Viaggio del gusto lungo i Colli ALBANI

19 marzo 2020 - 13:41

Culla di grandi civiltà, nonché centro del cattolicesimo, il Lazio è ricco di peculiarità storiche, artistiche, religiose e culturali, a cui si affianca una natura da riscoprire e una cucina ricca e variegata.

Andiamo pertanto alla scoperta dei luoghi di villeggiatura di Papi e famiglie gentilizie dei Colli Albani.

Dirigendosi verso le rinomate cittadine dei Castelli Romani, una volta usciti da Roma, si inizia a distinguere la sagoma dei Colli Albani e dei Monti Tuscolani.

Si tratta di un’area dai molteplici spunti d’interesse, a cominciare da quello geologico, visto che stiamo parlando di una delle più importanti aree vulcaniche del centro Italia.

Sembra strano, ma proprio in corrispondenza dei placidi laghi con le loro acque limpide e la loro rigogliosa vita vegetale e animale, non più tardi di qualche migliaio di anni fa – 60.000 per l’esattezza – si stava scatenando il consueto inferno di lava, ceneri e lapilli tipico di un’attività vulcanica.

È proprio questo aspetto del passato, insieme al clima umido, che ha reso la terra particolarmente fertile donandole, almeno fino al XVIII secolo, enormi foreste di faggio, boschi misti e cerrete.

Oggi permangono, a testimonianza delle foreste originarie in gran parte sostituite da castagneti, elementi arborei o arbustivi sparsi tra i castagni.

Tra essi l’agrifoglio, la dafne laureola, il tiglio, il nocciolo, l’acero campestre, il carpino nero, la vitalba. Un paesaggio talmente suggestivo, a così poca distanza dalla Capitale, che lo ha reso ambito luogo di villeggiatura di papi e famiglie gentilizie, così come testimoniano alcune splendide dimore come Palazzo Chigi, ad Ariccia, e Villa Aldobrandini, a Frascati.

L’Itinerario turistico

Il suo nome deriva da Nemus Dianae, bosco sacro a Diana, perché sulle sue sponde sorgeva un tempio dedicato alla dea della caccia e personificazione della vita animale e vegetale.

→ Primo giorno

L’itinerario percorre la Via Appia, la Regina Viarum dei Romani, toccando alcuni dei 16 borghi comunemente conosciuti come “Castelli Romani”.
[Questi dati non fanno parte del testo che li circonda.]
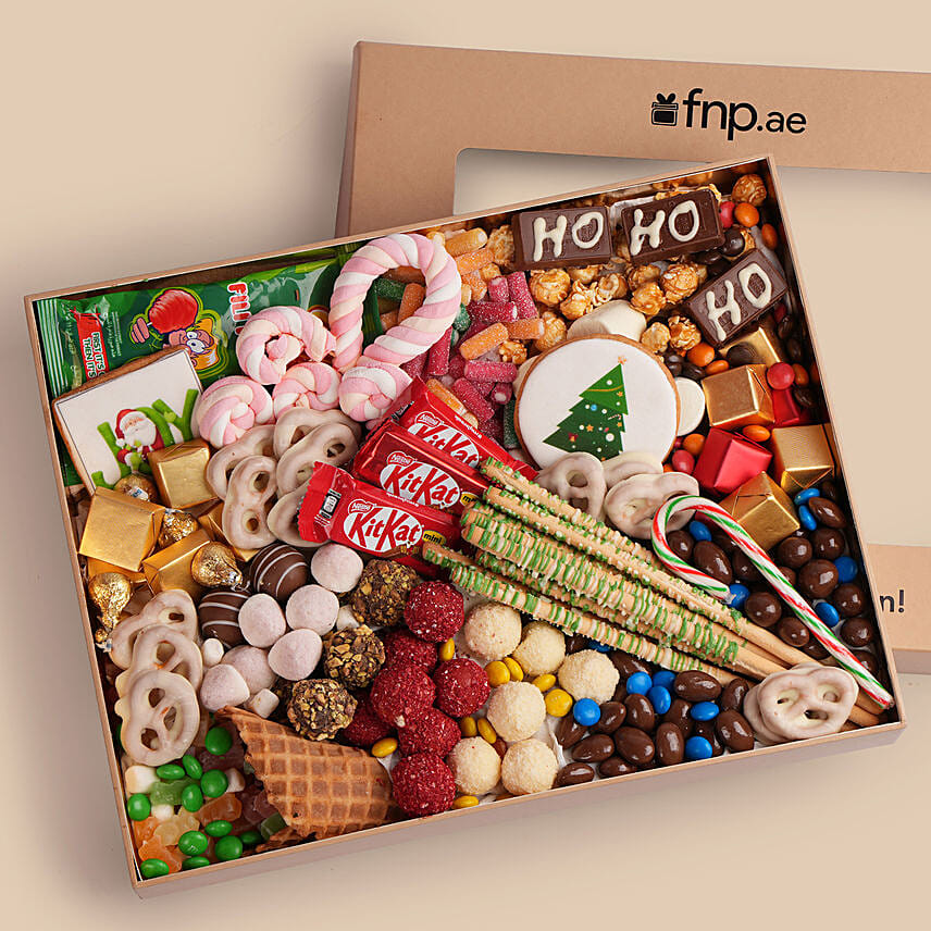 Make the festive season sweeter with this Premium Christmas Candy & Chocolate Indulgence Box a joyful explosion of colors, textures, and irresistible treats. Beautifully arranged in an elegant FNP signature box, this hamper is packed with festive chocolates, marshmallows, gourmet popcorn, candy canes, crunchy pretzels, and an assortment of delightful candies. Featuring adorable Christmas-themed cookies and premium chocolate varieties, this vibrant and playful gift box is perfect for kids, families, corporate celebrations, or anyone who loves holiday sweetness.

Cittadine dal clima mite, dal buon vino e dalla tradizione culinaria basata su pane, formaggi, salumi, porchetta, specialità da gustare nelle “fraschette”, le osterie tipiche. In questa zona il Papato e le famiglie nobili romane hanno lasciato molte tracce, a partire da alcuni edifici storici e opere d’arte: citiamo, tra i tanti, Gian Lorenzo Bernini.
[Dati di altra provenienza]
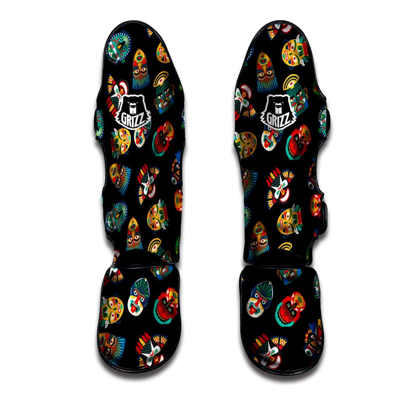 Mask Tribal Tiki Print Pattern Muay Thai Shin Guards

Costeggiando le rive del lago di Albano, ci si imbatte in diversi stabilimenti balneari, noleggi di canoe e circoli velici. Qui ha sede, tra l’altro, il Centro Federale di Canottaggio dove si allena la squadra nazionale italiana.
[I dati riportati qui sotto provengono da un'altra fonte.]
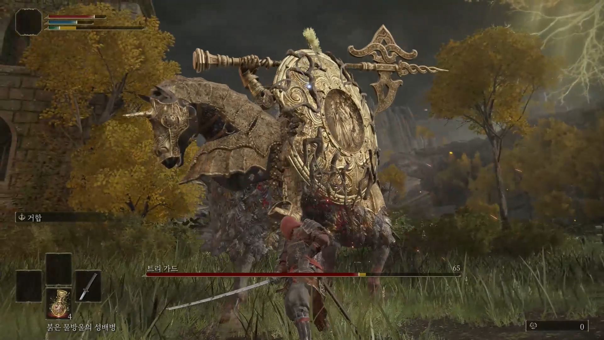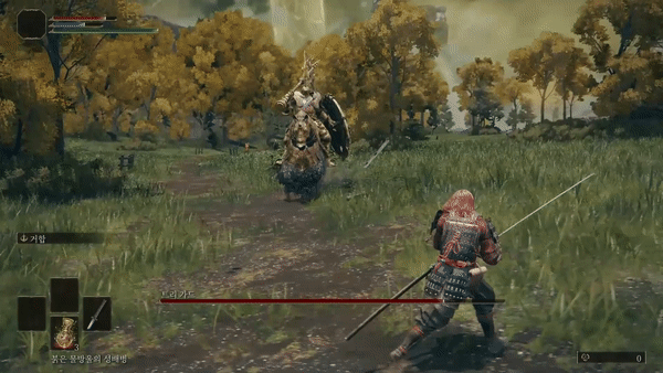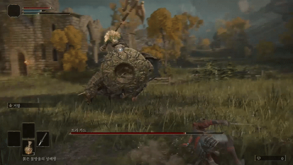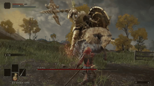 앞의 모든 패턴에서 플레이어가 공격 후 트리가드가 앞 발을 들어올려 공격하는 패턴이 이어서 나올 수 있는데 발을 들어올린다면 말의 머리쪽으로 두 번 굴러주고 두 번 더 때려주면 돼요

Una salita porta a Castelgandolfo, che ha il suo centro in Piazza della Libertà dove, da un’ampia terrazza, si può ammirare tutto il cratere del lago. In questa splendida cornice dominano la fontana e la chiesa di San Tommaso, opere del Bernini: all’interno, sull’altare maggiore, si può osservare una bella pala di Pietro da Cortona.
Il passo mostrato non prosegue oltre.